═════ Input for this task
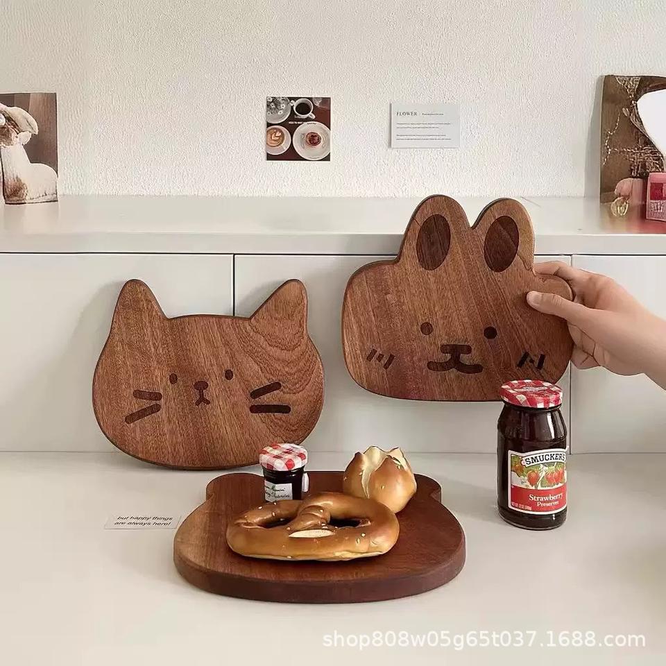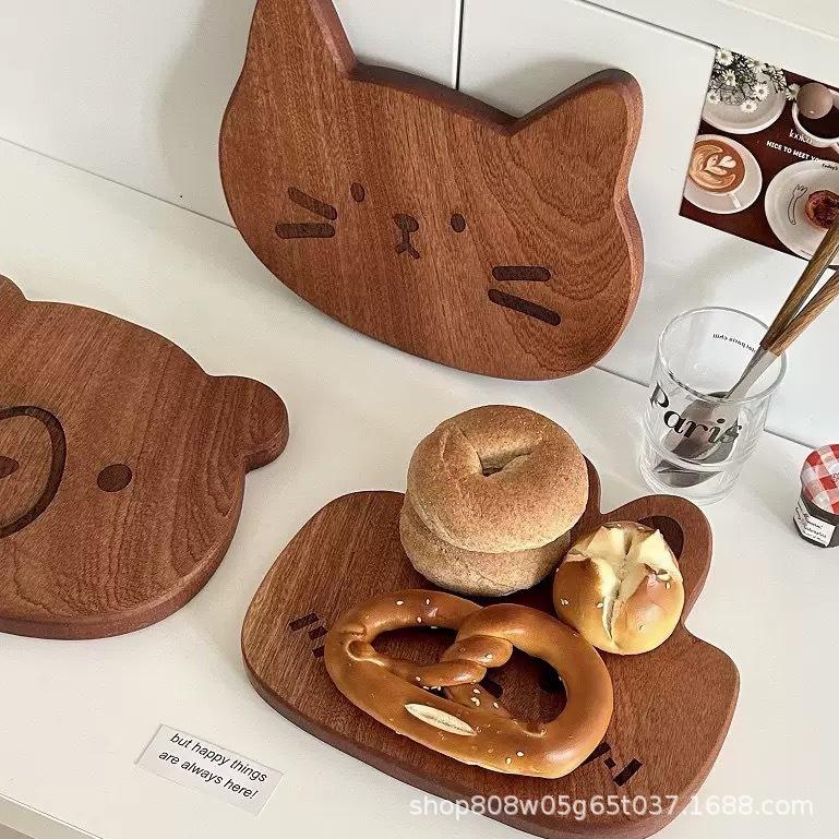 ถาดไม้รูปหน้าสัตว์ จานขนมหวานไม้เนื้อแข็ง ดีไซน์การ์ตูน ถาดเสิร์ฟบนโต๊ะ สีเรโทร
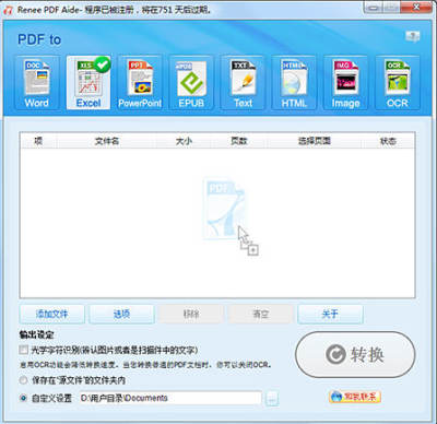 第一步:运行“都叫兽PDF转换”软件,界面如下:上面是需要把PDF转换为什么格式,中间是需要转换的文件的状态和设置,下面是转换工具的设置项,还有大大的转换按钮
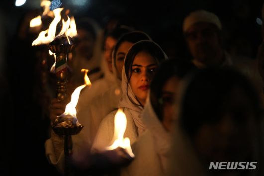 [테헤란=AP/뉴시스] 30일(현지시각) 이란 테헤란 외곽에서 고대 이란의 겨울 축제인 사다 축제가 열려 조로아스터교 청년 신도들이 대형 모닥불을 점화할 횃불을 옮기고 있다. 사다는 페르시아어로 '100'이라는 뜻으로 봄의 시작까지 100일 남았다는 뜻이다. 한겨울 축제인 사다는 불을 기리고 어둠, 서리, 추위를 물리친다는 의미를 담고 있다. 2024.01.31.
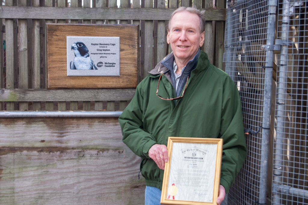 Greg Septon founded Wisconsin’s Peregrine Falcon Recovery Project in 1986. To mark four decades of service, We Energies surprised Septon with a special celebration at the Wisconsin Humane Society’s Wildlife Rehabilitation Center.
══════════
═════ Input for this task
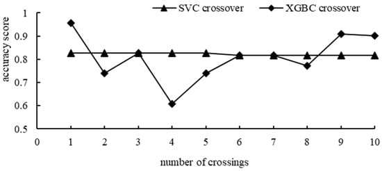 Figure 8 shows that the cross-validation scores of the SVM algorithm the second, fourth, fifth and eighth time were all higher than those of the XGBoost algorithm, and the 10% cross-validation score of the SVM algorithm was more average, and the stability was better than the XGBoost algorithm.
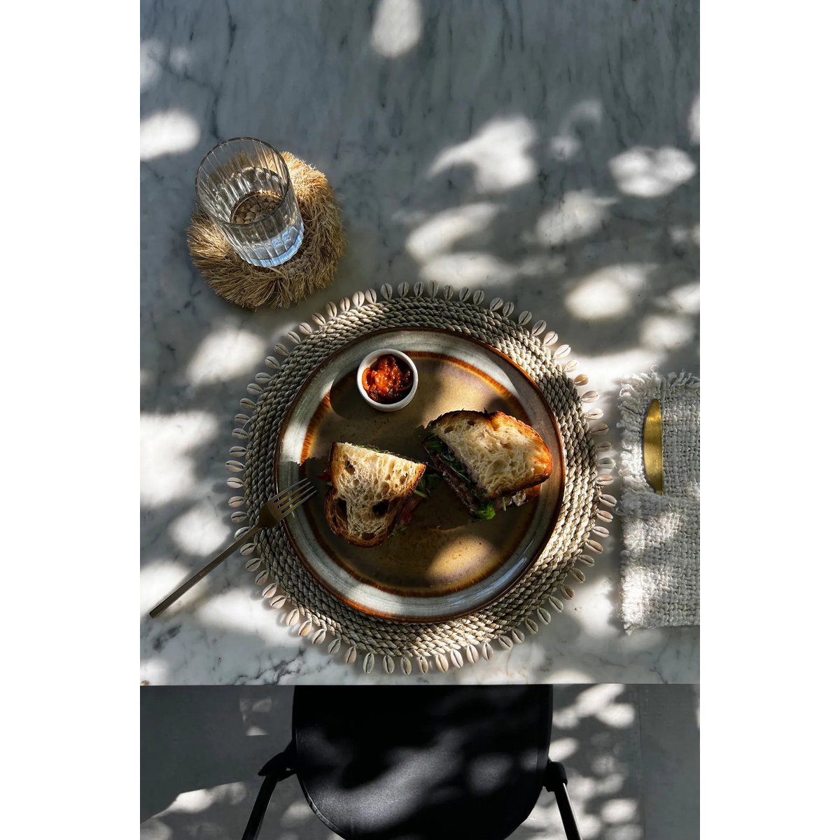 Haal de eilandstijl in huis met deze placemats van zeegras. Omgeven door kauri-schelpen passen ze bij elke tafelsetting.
══════════
Taking the material above, give again exactly the lines from the one holding "ถาดไม้รูปหน้าสัตว์ จานขนมหวานไม้เนื้อแข็ง ดีไซน์การ์ตูน" through the one holding "Greg Septon founded", with both ends and without pictures.

 ถาดไม้รูปหน้าสัตว์ จานขนมหวานไม้เนื้อแข็ง ดีไซน์การ์ตูน ถาดเสิร์ฟบนโต๊ะ สีเรโทร
 第一步:运行“都叫兽PDF转换”软件,界面如下:上面是需要把PDF转换为什么格式,中间是需要转换的文件的状态和设置,下面是转换工具的设置项,还有大大的转换按钮
 [테헤란=AP/뉴시스] 30일(현지시각) 이란 테헤란 외곽에서 고대 이란의 겨울 축제인 사다 축제가 열려 조로아스터교 청년 신도들이 대형 모닥불을 점화할 횃불을 옮기고 있다. 사다는 페르시아어로 '100'이라는 뜻으로 봄의 시작까지 100일 남았다는 뜻이다. 한겨울 축제인 사다는 불을 기리고 어둠, 서리, 추위를 물리친다는 의미를 담고 있다. 2024.01.31.
 Greg Septon founded Wisconsin’s Peregrine Falcon Recovery Project in 1986. To mark four decades of service, We Energies surprised Septon with a special celebration at the Wisconsin Humane Society’s Wildlife Rehabilitation Center.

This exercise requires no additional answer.